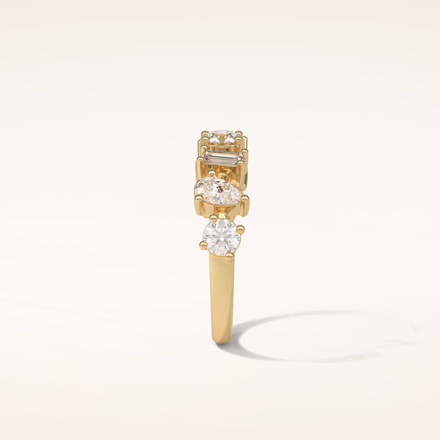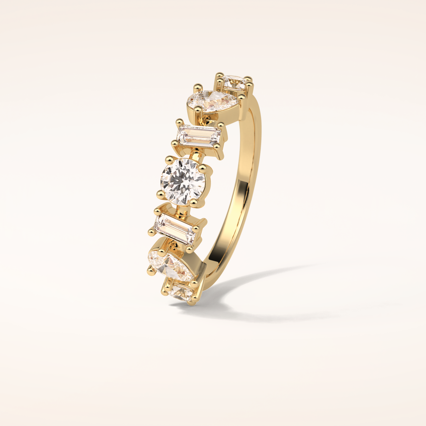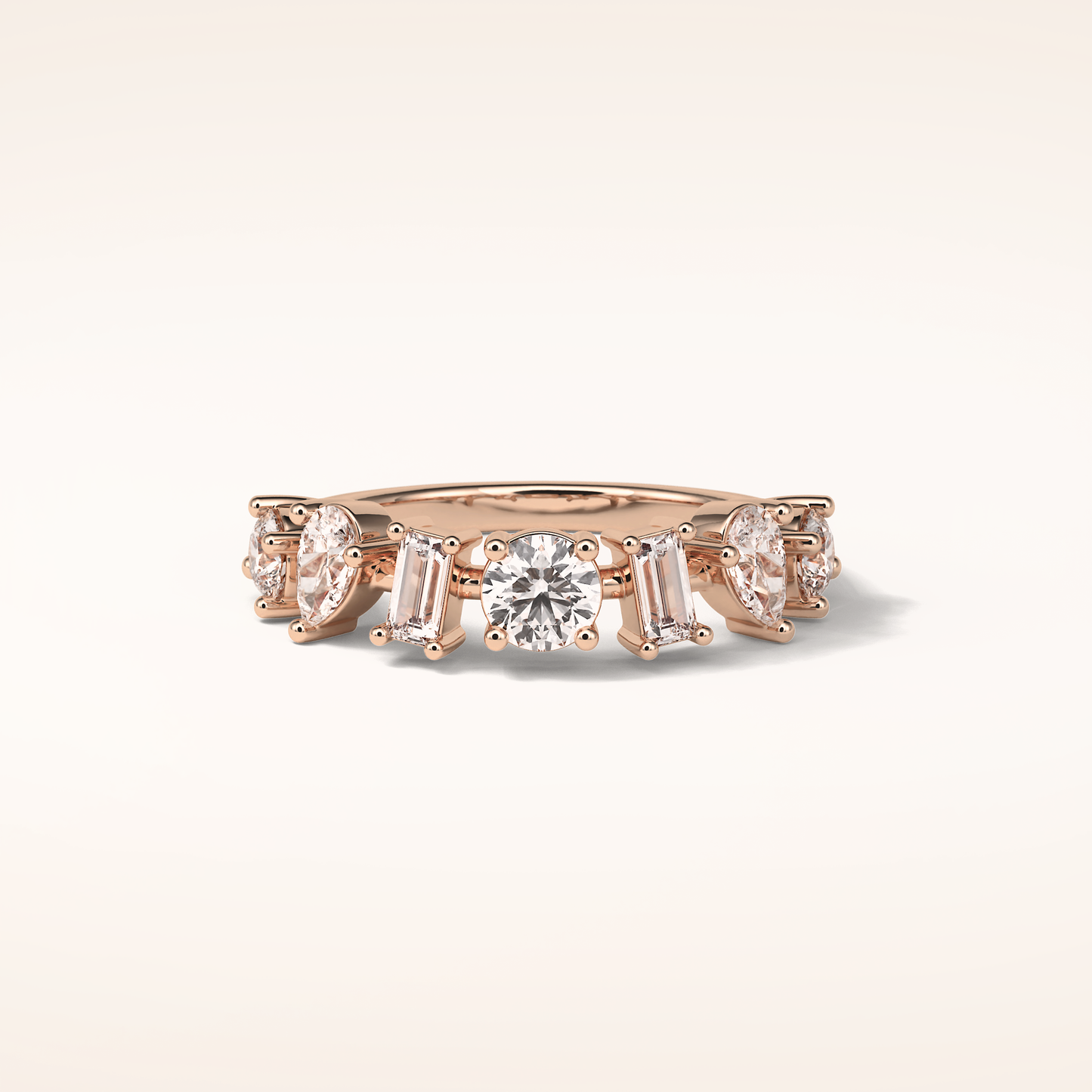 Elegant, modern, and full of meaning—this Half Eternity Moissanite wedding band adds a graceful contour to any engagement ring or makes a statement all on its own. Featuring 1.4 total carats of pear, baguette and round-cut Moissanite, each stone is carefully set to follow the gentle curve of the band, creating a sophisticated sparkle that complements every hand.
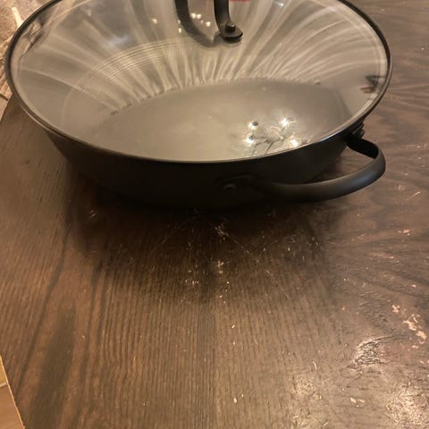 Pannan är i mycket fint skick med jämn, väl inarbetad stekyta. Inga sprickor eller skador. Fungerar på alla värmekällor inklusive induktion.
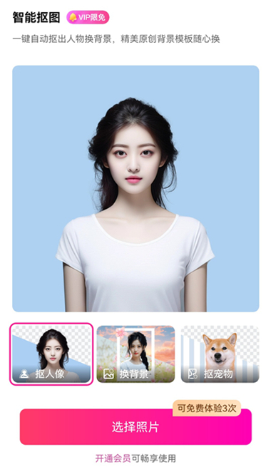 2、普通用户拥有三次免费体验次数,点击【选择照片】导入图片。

━━━

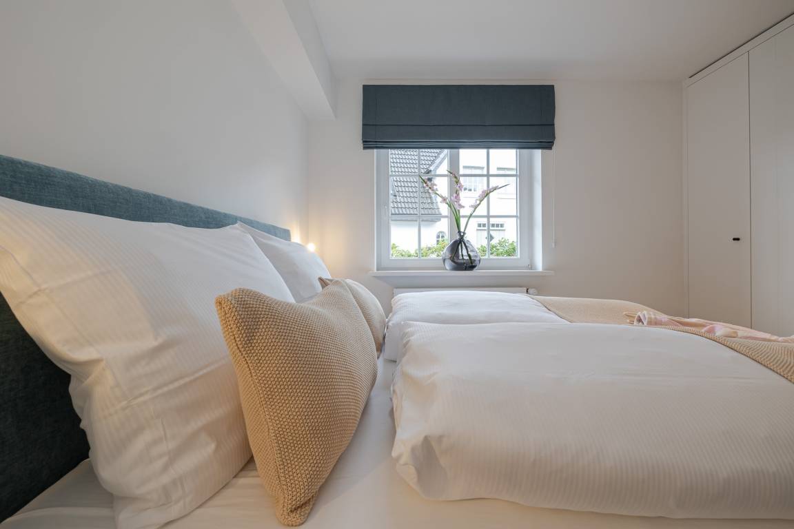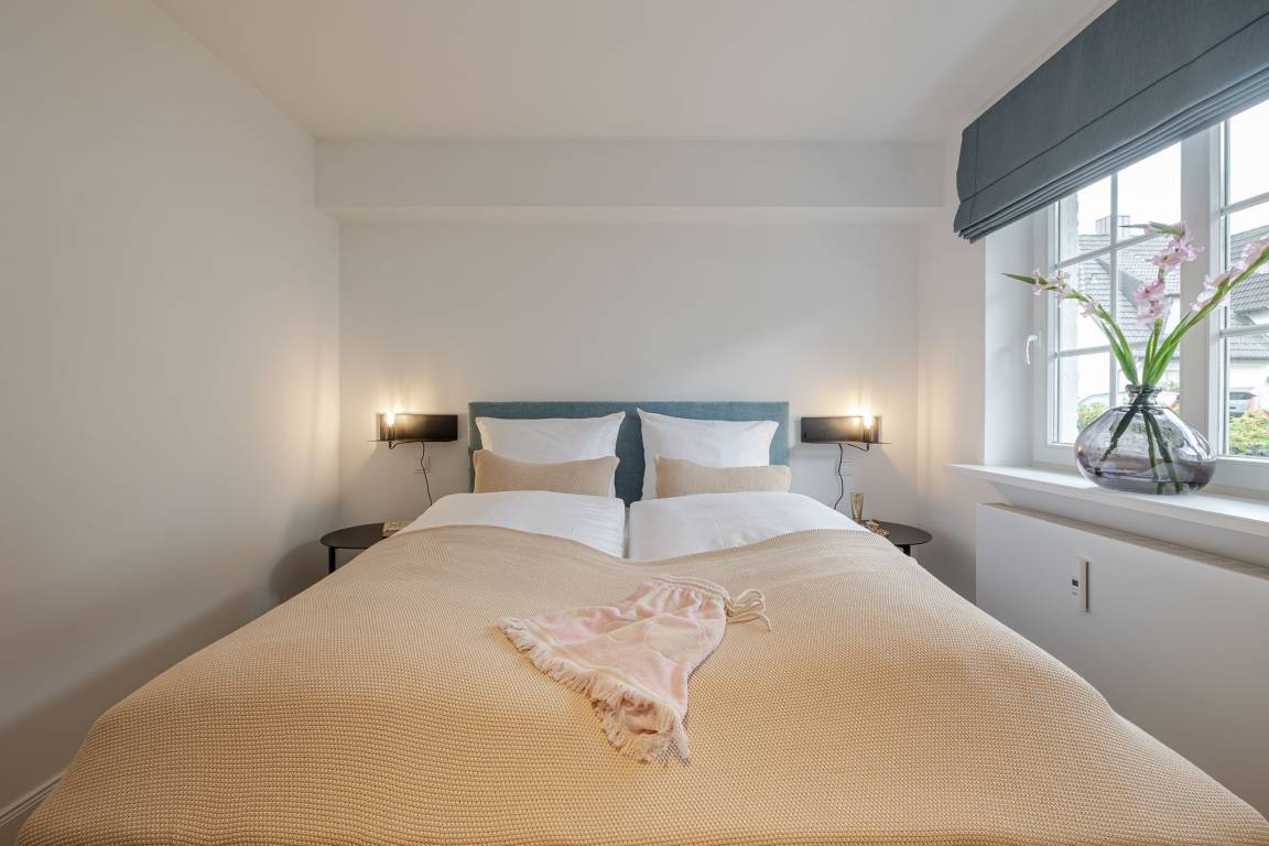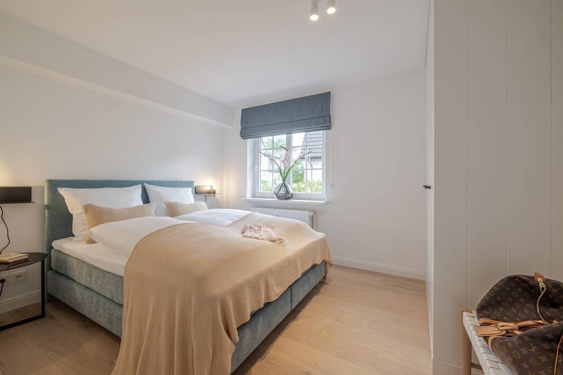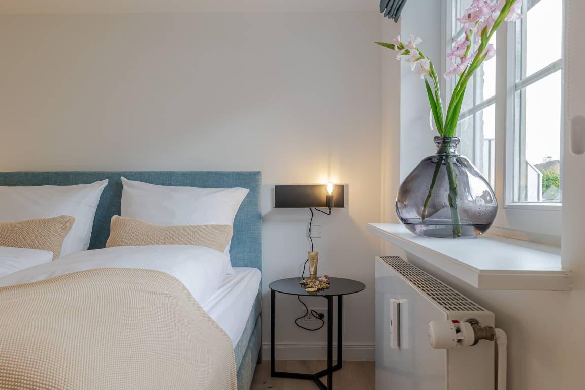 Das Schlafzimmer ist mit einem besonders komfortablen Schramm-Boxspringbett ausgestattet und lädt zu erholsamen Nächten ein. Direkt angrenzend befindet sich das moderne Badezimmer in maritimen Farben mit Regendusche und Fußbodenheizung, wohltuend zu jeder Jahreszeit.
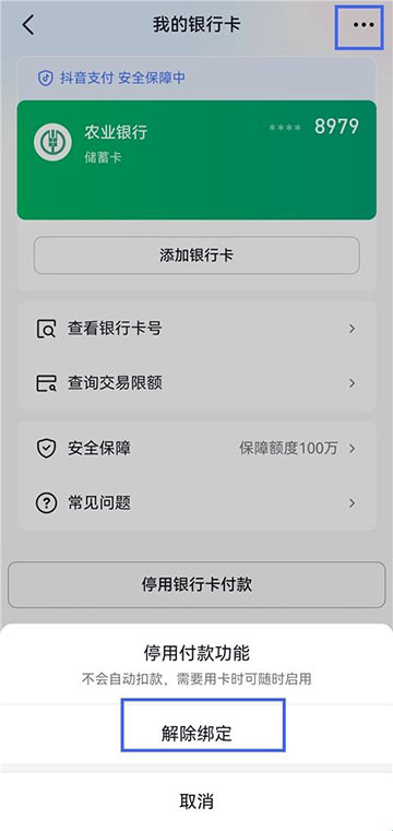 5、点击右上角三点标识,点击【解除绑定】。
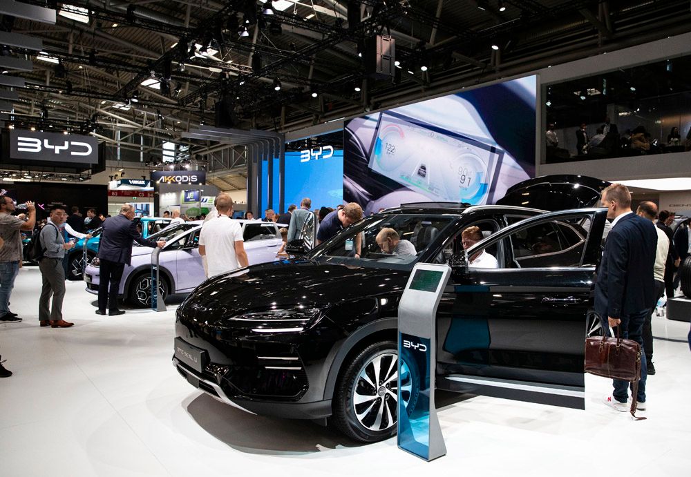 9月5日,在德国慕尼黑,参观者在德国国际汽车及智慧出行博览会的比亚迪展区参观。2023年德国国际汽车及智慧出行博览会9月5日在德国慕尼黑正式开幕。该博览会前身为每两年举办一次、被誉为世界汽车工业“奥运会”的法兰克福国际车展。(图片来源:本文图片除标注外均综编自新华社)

━━━

## Task description
In the data above, find the line containing "5、点击右上角三点标识,点击【解除绑定】。" and the line containing "9月5日,在德国慕尼黑,参观". Repeat those two lines and everything between them exactly, minus the pictures.

## Solution to the problem
 5、点击右上角三点标识,点击【解除绑定】。
 9月5日,在德国慕尼黑,参观者在德国国际汽车及智慧出行博览会的比亚迪展区参观。2023年德国国际汽车及智慧出行博览会9月5日在德国慕尼黑正式开幕。该博览会前身为每两年举办一次、被誉为世界汽车工业“奥运会”的法兰克福国际车展。(图片来源:本文图片除标注外均综编自新华社)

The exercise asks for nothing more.